I am not trying to suggest that these aren't problems, but I do urge upon the Congress to get more proof of what is being said than the fact that they are just being said.

I have little else to say on my own, sir. If you want me to respond in any other way, I will be glad to do it. I will repeat that I am commenting only in behalf of my own convictions, having spent a lifetime in this field of endeavor.

That is about all I have to say.

Senator PROXMIRE. Mr. Chairman?

707 AND 747 DEVELOPMENT: CONTRIBUTION BY PRIVATE INDUSTRY

Chairman ELLENDER. General, you stated that Boeing made a big success of two or three of the transport planes it constructed.

To what extent did Boeing benefit from having done work for the Government at quite an expense, developing similar planes of this character?

Mr. QUESADA. I am sure Boeing and the public got many benefits from military programs that were Boeing programs. There is one thing I would like to bring to your attention, sir: that is that Boeing

on its own initiative designed and in fact fabricated a 707 airplane, and the benefit flowed the other way because the Air Force bought that airplane and named it a KC-135.

Many people think it was the reverse. Boeing was first and the Air Force exploited Boeing's courage.

But in response to your question, sir, Boeing, in the case of the 707, got many throwoff benefits from military programs, but not necessarily at an expense to the military. Technology flowed to the company as a result of military programs.

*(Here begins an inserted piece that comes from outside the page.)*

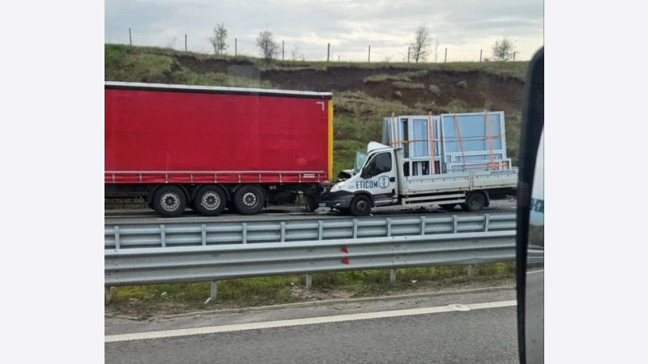 Малък камион, превозващ дограма, се е ударил отзад в тир. Няма информация за пострадали при инцидента. На място има полиция, която регулира движението.
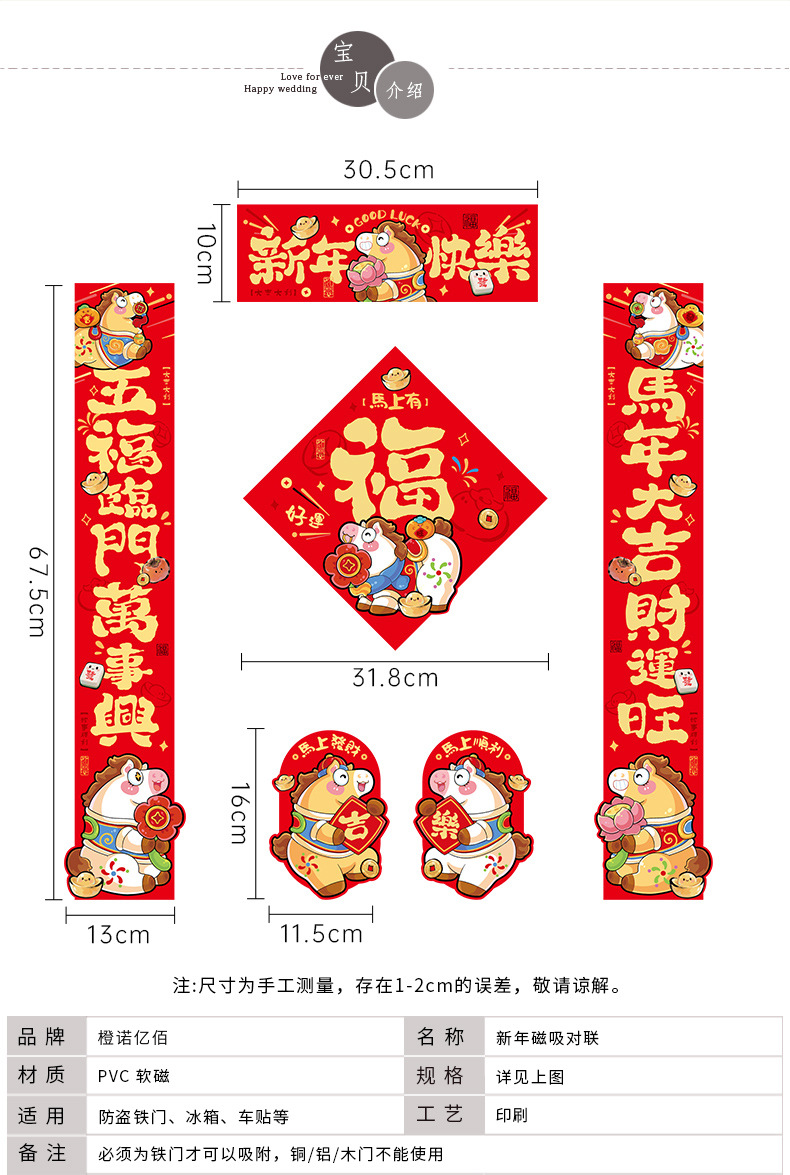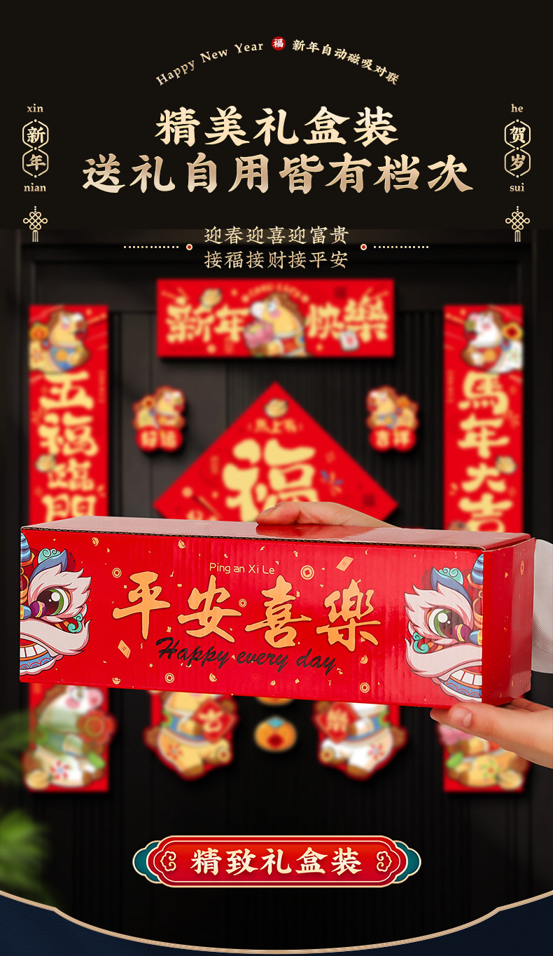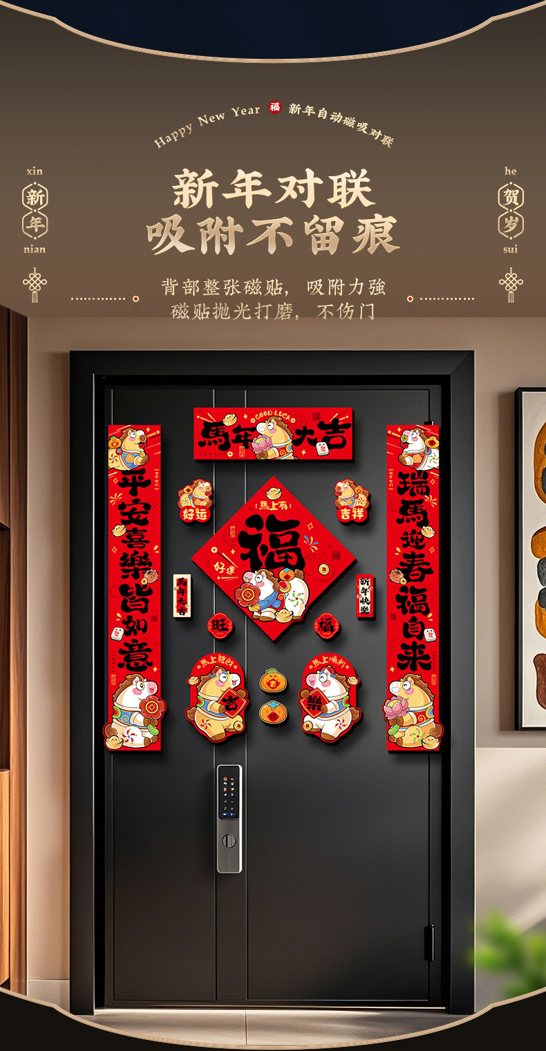 2026马年磁吸对联春联春节过年创意生肖福字入户门贴新年装饰

In the case of the 747, that is true to a much lesser degree. The 747 is almost totally a product of Boeing's industrial and economic courage.

I know of very few benefits-there are some that really came from the military establishment.

SST DEVELOPMENT: CONTRIBUTION BY PRIVATE INDUSTRY

Chairman ELLENDER. As you know, Boeing and quite a few other airplane companies did contribute, and are contributing, to the construction of this SST to the extent of about 24 percent of costs.

We were told today that the contract between the Government and the airplane people that the manufacturing of these planes, the SST, if they are successful, will be done entirely by private enterprise. Does that in any manner temper your views?

Mr. QUESADA. I wish that the ratio was the other way, that the Government was 27 percent and 73 percent would be private.

Senator MAGNUSON. If the Senator would yield, no one would wish more that it was the other way than the Senator from Washington. It would save me a lot of difficulty.

Mr. QUESADA. I am sure of that.

Nobody has been more behind the supersonic transport than Senator Magnuson and no one wishes it could be done more without the heavy hand of Government than Senator Magnuson. I assure you that.

I wish there was a way to develop this airplane without the Government having such a heavy hand. If the Government has 75 percent of the money, it will at least have 55 percent of the say. That is what I don't like.

GOVERNMENT INVESTMENT: REPAYMENT

Chairman ELLENDER. The contract further provides that the Government will be repaid all of its investment and will stand a chance of making as much as $1 billion.

Would that temper your views any, if it would happen?

Mr. QUESADA. I would like to think it would transpire that way. but I don't.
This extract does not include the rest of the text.